Manufacturing production recorded a 1.9%MoM sa gain in June (0.2% in May) beating the market consensus expectation of -0.8%. Semiconductors and automobiles grew the fastest, rising 4.2% and 7.5% respectively. But inventories increased 5.6% (vs-2.1% in May), which may limit further production acceleration in the near term. Meanwhile, the trucker’s strike appeared to have had a negative impact on wholesale/retail services including construction materials and car dealers as service activity declined -0.3%, the first decline in four months.

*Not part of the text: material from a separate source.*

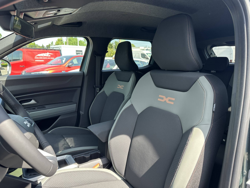 Alerte franchissement de ligne et assistant maintien dans la voie / Allumage des feux automatique et essuie-glace automatiques / Antenne radio 30cm / Appel SOS (E-call) / Avertissement distance de sécurité / Boîte de vitesse manuelle / Boucliers ton carosserie / Commutation automatique feux de croisement/route / Console centrale semi haute avec accoudoir / Contrôle de trajectoire en descente avancé / Coques de rétroviseurs Brun Cuivré / Feux de croisement à LED / Kit de gonflage / Media Display (écran 10,1'',4 HP, réplication smartphone sans fil, services connectés) / My Safety Switch (bouton de déconnexion des aides à la conduite) / Ouverture du hayon manuelle / Répétiteurs latéraux à LED / Rétroviseurs extérieurs électriques, dégivrants et rabattable automatiquement / Sellerie TEP "Microcloud"avec logo Dacia / Siège passager réglable en hauteur + lombaire conducteur / Signature lumineuse en "Y" à LED / Système de contrôle de traction (TCS) / Système de freinage d'urgence avancé (piéton, deux-roues et intersection) / Tableau de bord numérique 7"

All industry production rose - led by manufacturing and public administration

Source: CEIC
CEIC

Retail sales continued to fall while investment increased

Retail sales dropped -0.9% in June for the fifth month but mainly due to supply-side disruption issues. As a result, we expect a rebound in the coming months. Meanwhile, facility investment rose 4.1% (vs 12.8% in May) for the second month as chipmakers expanded their production facilities.

Forward looking orders data were positive

Domestic machinery orders jumped 9.0% in June (vs -0.1% in May) mostly led by private sector orders (9.8%). As capital goods imports increased in June and major semiconductor producers have been increasing their facility investment, we expect facility investment spending to rebound in the current quarter. Also, construction orders recorded a solid gain of 7.0% (7.8% in May) and housing units under construction remained on the rise, so construction spending should increase in the coming quarters.

Construction should rise

Source: CEIC
CEIC

Outlook for the third quarter

Today’s monthly activity data suggest that manufacturing activity improved as global supply bottlenecks and China’s lockdown measures eased. Although the trucker’s strike interrupted domestic production activity to some extent, we think the effect will be only temporary and should normalize from July. Also, the positive readings from the orders data support our view that investment spending will likely rebound this quarter, partially offsetting the softening of private consumption.

We believe the Bank of Korea will raise policy rates by just 25bp in August even as July inflation will probably accelerate to 6.3% YoY (vs 6.0 in June). Growth conditions have remained relatively healthy, but consumer and business sentiment have deteriorated significantly. This suggests that the BoK will not take another "big step" in August.